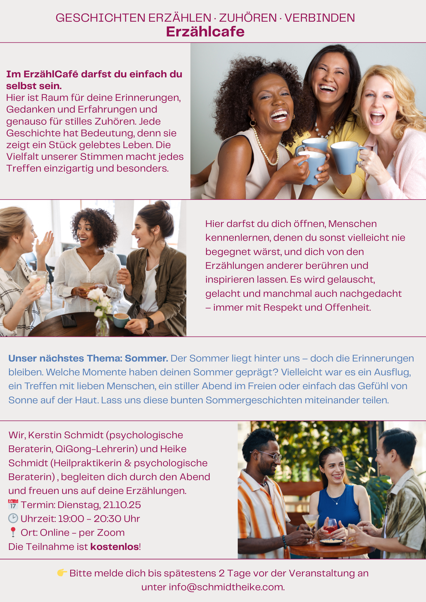 Unser Thema im nächsten Erzählcafé: Sommer. Der Sommer liegt hinter uns - doch die Erinnerungen bleiben. Welche Momente haben deinen Sommer geprägt? Vielleicht war es ein Ausflug, ein Treffen mit lieben Menschen, ein stiller Abend im Freien oder einfach das Gefühl von Sonne auf der Haut. Lass uns diese bunten Sommergeschichten miteinander teilen.
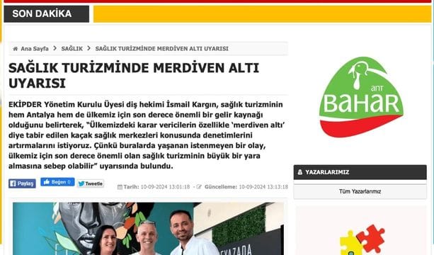 EXCELLENT Based on 4 reviews Dimitrinka Ilieva2024-06-24Trustindex verifies that the original source of the review is Google. Страхотен екип . Д-р Исмаил работи супер професионално . Качество на страхотно ниво . Препоръчвам от сърце на всеки който иска да изглежда добре.Благодаря на целия екип 🌷🌷🌷🌷🌷 Jolanta Pucka2024-06-08Trustindex verifies that the original source of the review is Google. 2 years ago, zirconium crowns were made, now I was on vacation in Antalya and I contacted the clinic to make a check up .. the best experience, responsive, kind, knowledgeable team i pleasent with all work done !!!thank you to all BeyazAda team!!! Jeanna Kis2024-05-31Trustindex verifies that the original source of the review is Google. The best company with excellent work and quality. I recommend everyone to use the services of Beyaz ADA Dental Clinic in Antalya. Excellent work and quality led by Dr. Ismail Kargin - best work and excellent quality. Excellent service, care, transfer and hotel where consultant translator Dima Marchuk will always help you - everything is at the highest level. Denis Yanchoglov2024-04-25Trustindex verifies that the original source of the review is Google. This is definitely the most impressive dental clinic I've ever been to. The price and quality are perfectly balanced. My wife and I visited them and were very happy with the services
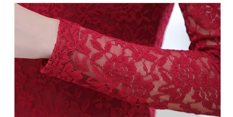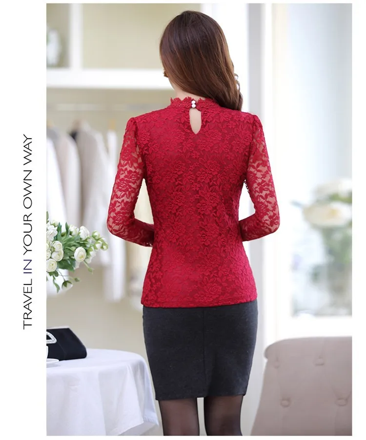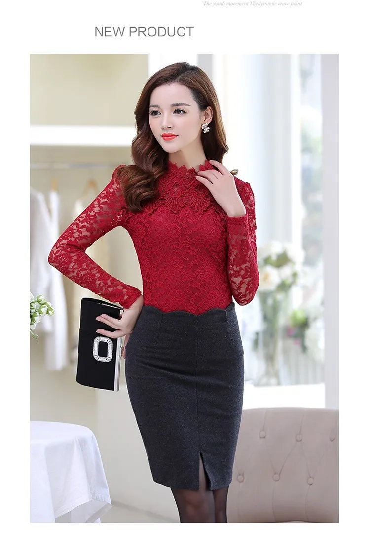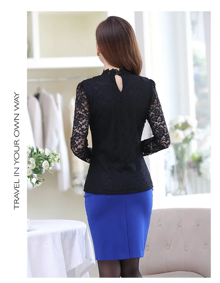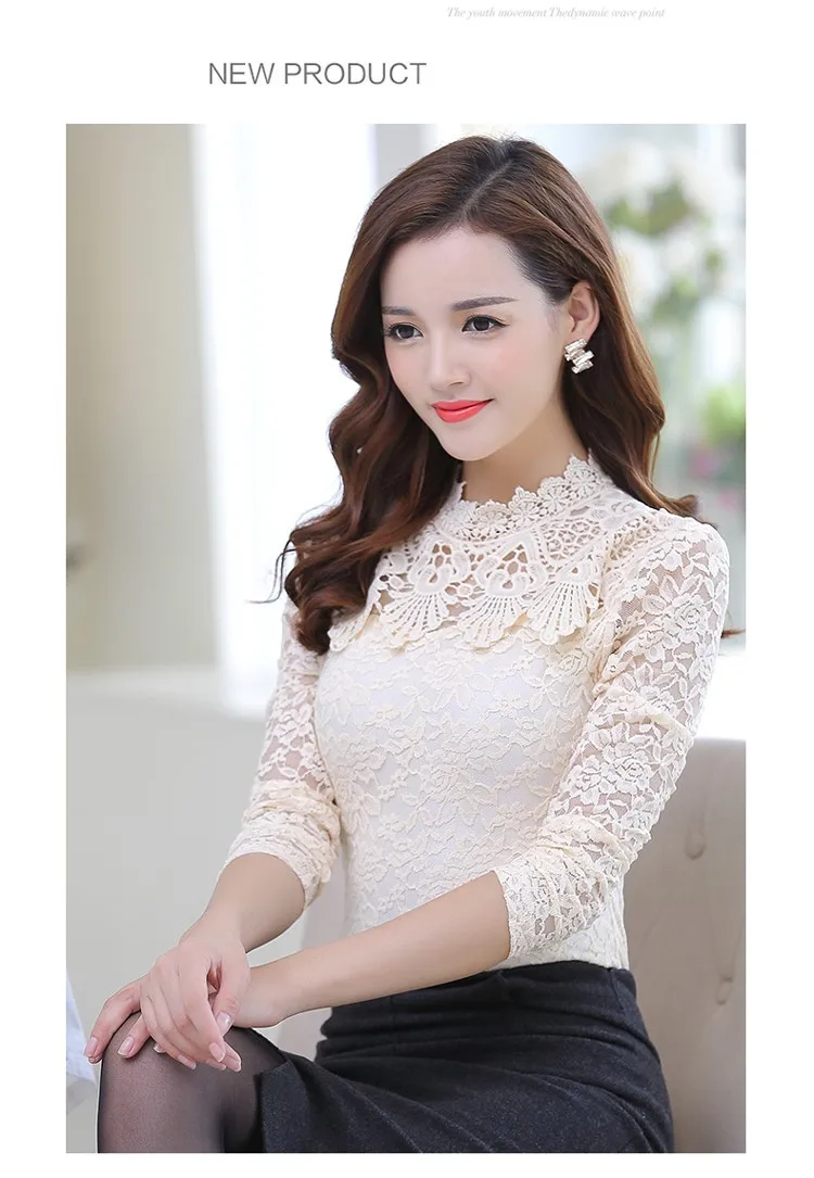 2016 Autumn Winter Women Tops Fashion Lace Blouse Long Sleeve Slim Body Crochet Floral Lace Shirt Elegant Plus Size Lace Top
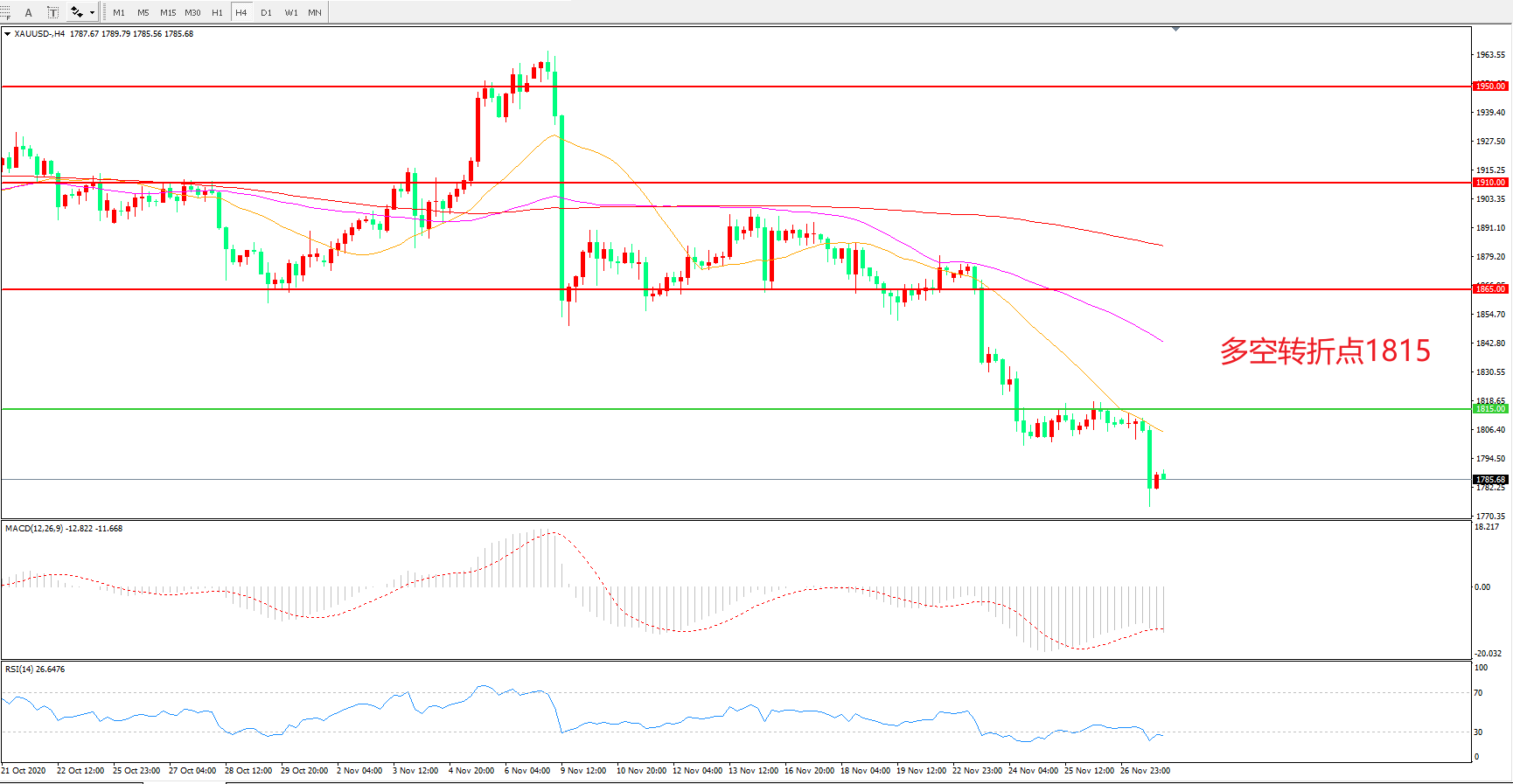 交易策略:在1815.00之下看跌,目标1766.00   1705.00
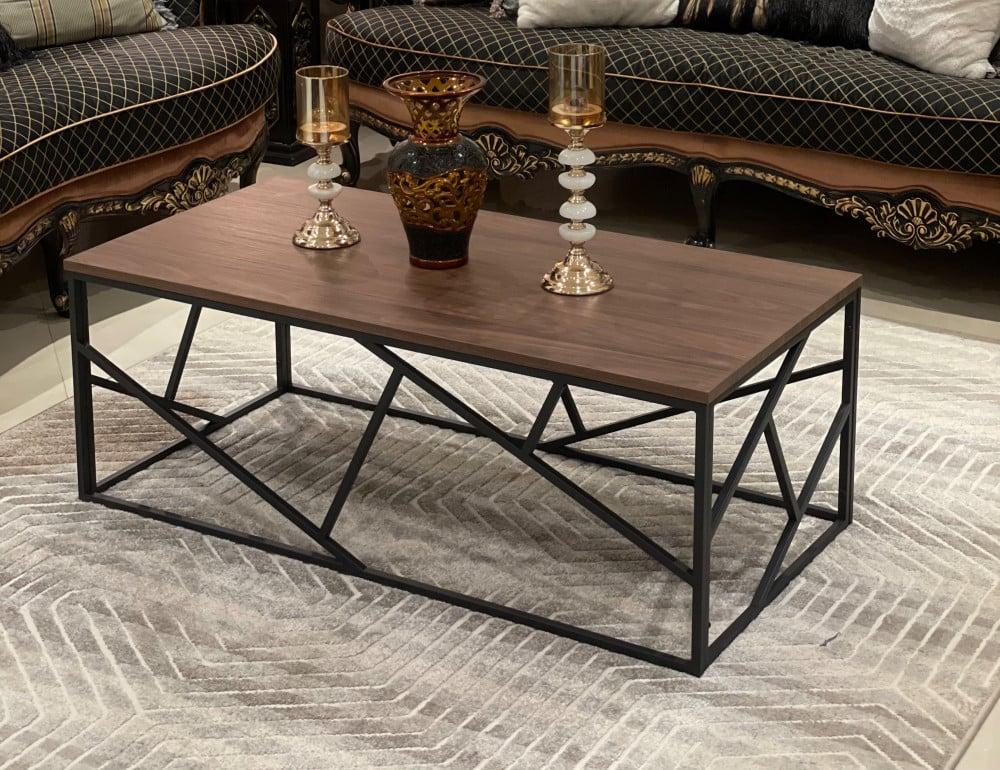طاولة قهوة أنيقة تجمع بين دفء الخشب ومتانة الحديد. تتميز بسطح خشبي مستطيل وقاعدة معدنية بتصميم هندسي فريد
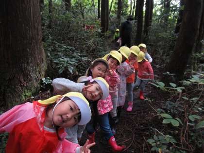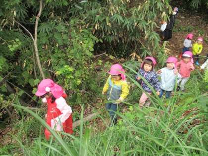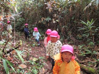 バスに乗って立山青少年自然の家へ行ってきました。年少は「トントンの森」に入って散策してきました。短いコースでしたがでこぼこ道を歩いたり、少しずつ紅葉している葉っぱを見て「黄色になってる」「赤色だよ」と秋らしい景色を見つけたりすることを楽しんでいましたよ。
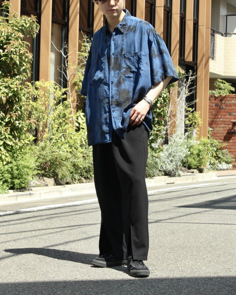 Silk shirt from the 1980s. A high-quality fabric with a unique drape feeling that is light and smooth using 100% silk fabric. It is an Italian designer brand with a deep navy blue color and a black pattern like tie-dye, giving it a deeper look. L size and relaxed silhouette. It is in good condition as a whole subjectively. Since it is an old product, it rarely deteriorates over time. Please check the photo and purchase after acknowledging the characteristics of vintage.
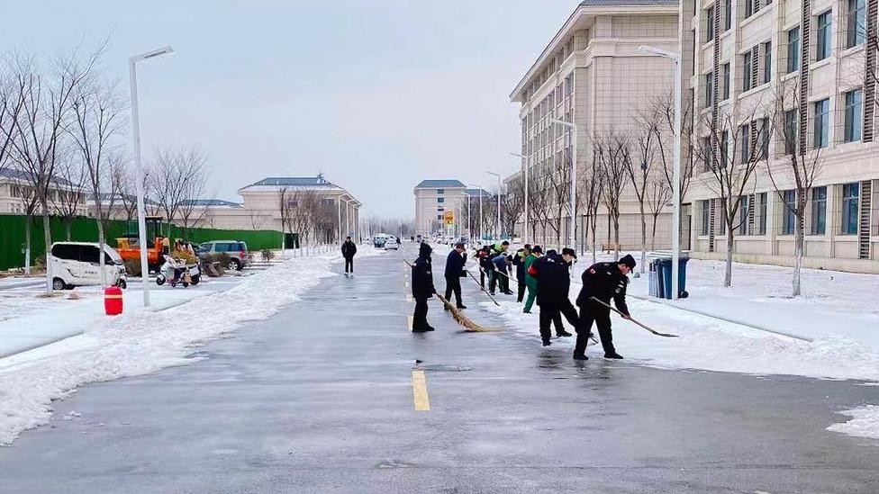 物业、安保人员清扫道路积雪

WHAT THE TASK ASKS: Nothing but the lines from the one containing "2016 Autumn Winter" through the one containing "バスに乗って立山青少年自然の" should appear, copied exactly from the material above and without pictures.

SOLUTION TO THIS TASK:
 2016 Autumn Winter Women Tops Fashion Lace Blouse Long Sleeve Slim Body Crochet Floral Lace Shirt Elegant Plus Size Lace Top
 交易策略:在1815.00之下看跌,目标1766.00   1705.00
طاولة قهوة أنيقة تجمع بين دفء الخشب ومتانة الحديد. تتميز بسطح خشبي مستطيل وقاعدة معدنية بتصميم هندسي فريد
 バスに乗って立山青少年自然の家へ行ってきました。年少は「トントンの森」に入って散策してきました。短いコースでしたがでこぼこ道を歩いたり、少しずつ紅葉している葉っぱを見て「黄色になってる」「赤色だよ」と秋らしい景色を見つけたりすることを楽しんでいましたよ。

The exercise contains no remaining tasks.